Your instructions:
The full listing is to be transcribed exactly, with each picture left out.

Raw data:
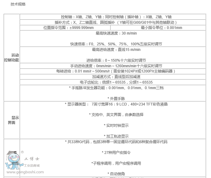 GSK980TA3是GSK980TA2的升級換代產品,系統采用ARM9硬件平臺,運行速度更快,確保高速、高效加工,具備二次曲線插補、橢圓插補、拋物線插補、凹槽加工循環指令及自動刀補等功能。前置RS232通信接口,前置USB接口,支持U盤文件操作和軟件升級,是經濟型數控系統的*佳選擇。
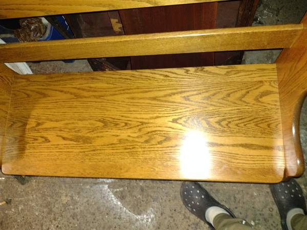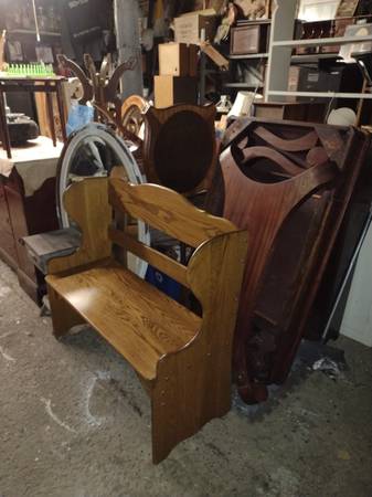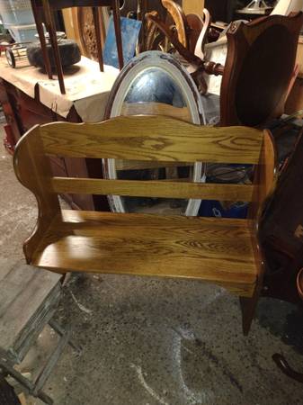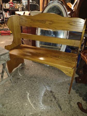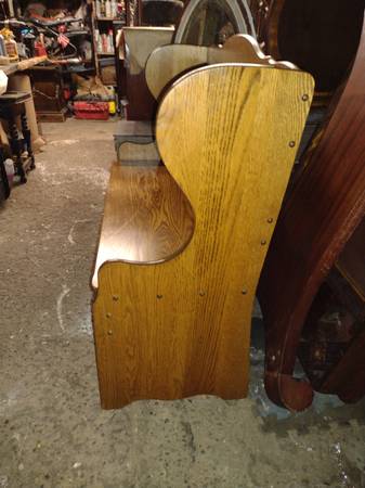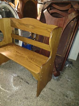 Decor Style Mid-Century Modern Date Range 1960-1969 Solid Tiger Oak Vintage Pennsylvania Dutch Amish Handcrafted Wooden Entrance Bench Local Delivery Available Long Distance Shipping Available We...
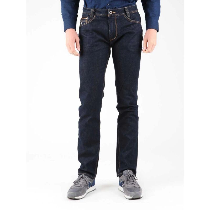 Men's straight-leg jeans with a zipper closure. Large front and back pockets. One small pocket on the front has a zipper closure and a decorative strap. Material: 99% cotton/1% elastane
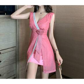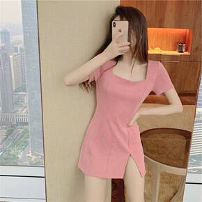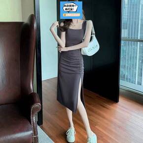 连衣裙小心机侧开叉连衣裙女新款2022夏季气质修身...

Result of the exercise:
 GSK980TA3是GSK980TA2的升級換代產品,系統采用ARM9硬件平臺,運行速度更快,確保高速、高效加工,具備二次曲線插補、橢圓插補、拋物線插補、凹槽加工循環指令及自動刀補等功能。前置RS232通信接口,前置USB接口,支持U盤文件操作和軟件升級,是經濟型數控系統的*佳選擇。
 Decor Style Mid-Century Modern Date Range 1960-1969 Solid Tiger Oak Vintage Pennsylvania Dutch Amish Handcrafted Wooden Entrance Bench Local Delivery Available Long Distance Shipping Available We...
 Men's straight-leg jeans with a zipper closure. Large front and back pockets. One small pocket on the front has a zipper closure and a decorative strap. Material: 99% cotton/1% elastane
 连衣裙小心机侧开叉连衣裙女新款2022夏季气质修身...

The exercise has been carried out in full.